■ Source data:
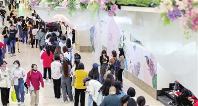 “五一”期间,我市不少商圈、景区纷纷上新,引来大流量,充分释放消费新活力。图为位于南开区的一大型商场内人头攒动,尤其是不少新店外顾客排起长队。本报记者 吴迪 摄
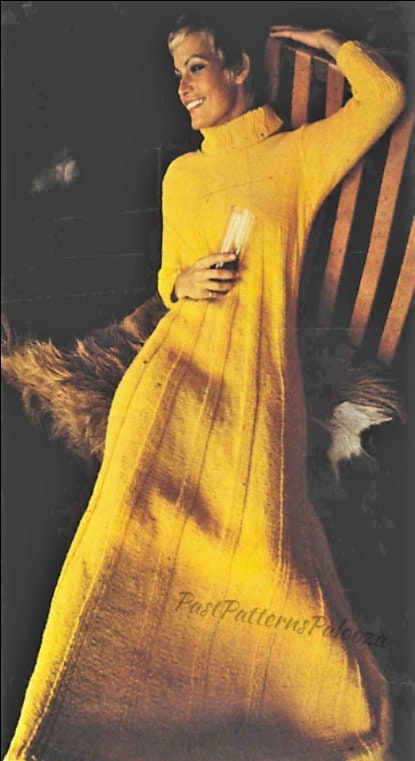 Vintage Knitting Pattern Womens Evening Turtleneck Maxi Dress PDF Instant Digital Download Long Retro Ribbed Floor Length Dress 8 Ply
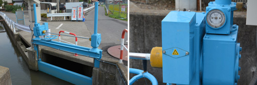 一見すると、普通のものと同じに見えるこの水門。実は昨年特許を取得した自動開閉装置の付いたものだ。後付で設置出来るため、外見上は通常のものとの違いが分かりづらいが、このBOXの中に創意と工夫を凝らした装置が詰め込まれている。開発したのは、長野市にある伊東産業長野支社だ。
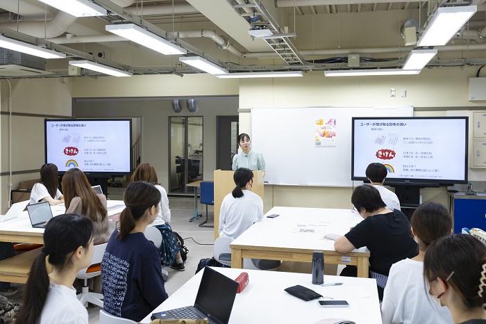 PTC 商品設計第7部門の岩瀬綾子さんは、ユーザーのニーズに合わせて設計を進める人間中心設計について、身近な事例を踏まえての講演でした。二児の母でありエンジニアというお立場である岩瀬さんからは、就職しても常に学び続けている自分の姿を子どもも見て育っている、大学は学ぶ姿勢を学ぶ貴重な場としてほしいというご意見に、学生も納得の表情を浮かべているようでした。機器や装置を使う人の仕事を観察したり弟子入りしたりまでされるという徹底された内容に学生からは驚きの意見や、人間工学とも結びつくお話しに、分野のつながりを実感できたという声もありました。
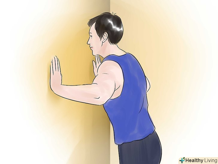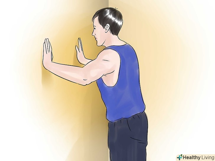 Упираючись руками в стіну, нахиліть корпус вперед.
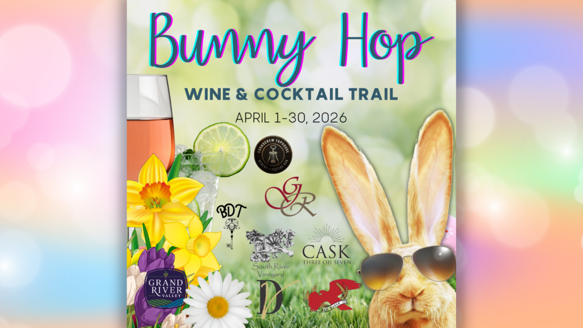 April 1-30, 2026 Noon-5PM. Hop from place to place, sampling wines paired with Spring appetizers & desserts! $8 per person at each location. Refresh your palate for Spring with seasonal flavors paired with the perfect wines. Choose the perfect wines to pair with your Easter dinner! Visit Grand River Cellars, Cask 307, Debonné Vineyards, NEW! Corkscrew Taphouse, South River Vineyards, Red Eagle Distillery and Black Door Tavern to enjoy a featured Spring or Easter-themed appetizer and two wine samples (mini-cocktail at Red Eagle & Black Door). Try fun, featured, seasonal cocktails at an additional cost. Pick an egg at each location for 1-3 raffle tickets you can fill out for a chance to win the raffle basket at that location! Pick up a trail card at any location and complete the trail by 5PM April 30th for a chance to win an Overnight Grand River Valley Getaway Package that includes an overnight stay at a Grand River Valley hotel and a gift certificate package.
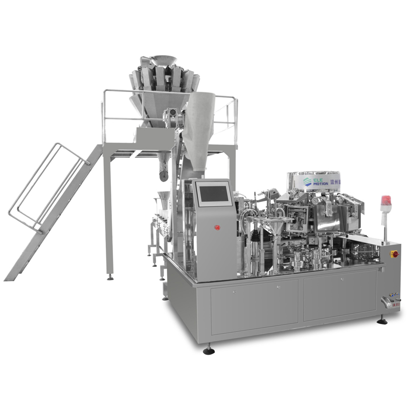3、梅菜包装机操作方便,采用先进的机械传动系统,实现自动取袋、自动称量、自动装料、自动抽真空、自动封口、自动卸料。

■ EXERCISE AIM:
Lines from the one that contains "一見すると、普通のものと同じ" through the last line of the data above are to be extracted exactly, with no pictures and no other lines.

■ ANSWER SPACE:
 一見すると、普通のものと同じに見えるこの水門。実は昨年特許を取得した自動開閉装置の付いたものだ。後付で設置出来るため、外見上は通常のものとの違いが分かりづらいが、このBOXの中に創意と工夫を凝らした装置が詰め込まれている。開発したのは、長野市にある伊東産業長野支社だ。
 PTC 商品設計第7部門の岩瀬綾子さんは、ユーザーのニーズに合わせて設計を進める人間中心設計について、身近な事例を踏まえての講演でした。二児の母でありエンジニアというお立場である岩瀬さんからは、就職しても常に学び続けている自分の姿を子どもも見て育っている、大学は学ぶ姿勢を学ぶ貴重な場としてほしいというご意見に、学生も納得の表情を浮かべているようでした。機器や装置を使う人の仕事を観察したり弟子入りしたりまでされるという徹底された内容に学生からは驚きの意見や、人間工学とも結びつくお話しに、分野のつながりを実感できたという声もありました。
 Упираючись руками в стіну, нахиліть корпус вперед.
 April 1-30, 2026 Noon-5PM. Hop from place to place, sampling wines paired with Spring appetizers & desserts! $8 per person at each location. Refresh your palate for Spring with seasonal flavors paired with the perfect wines. Choose the perfect wines to pair with your Easter dinner! Visit Grand River Cellars, Cask 307, Debonné Vineyards, NEW! Corkscrew Taphouse, South River Vineyards, Red Eagle Distillery and Black Door Tavern to enjoy a featured Spring or Easter-themed appetizer and two wine samples (mini-cocktail at Red Eagle & Black Door). Try fun, featured, seasonal cocktails at an additional cost. Pick an egg at each location for 1-3 raffle tickets you can fill out for a chance to win the raffle basket at that location! Pick up a trail card at any location and complete the trail by 5PM April 30th for a chance to win an Overnight Grand River Valley Getaway Package that includes an overnight stay at a Grand River Valley hotel and a gift certificate package.
3、梅菜包装机操作方便,采用先进的机械传动系统,实现自动取袋、自动称量、自动装料、自动抽真空、自动封口、自动卸料。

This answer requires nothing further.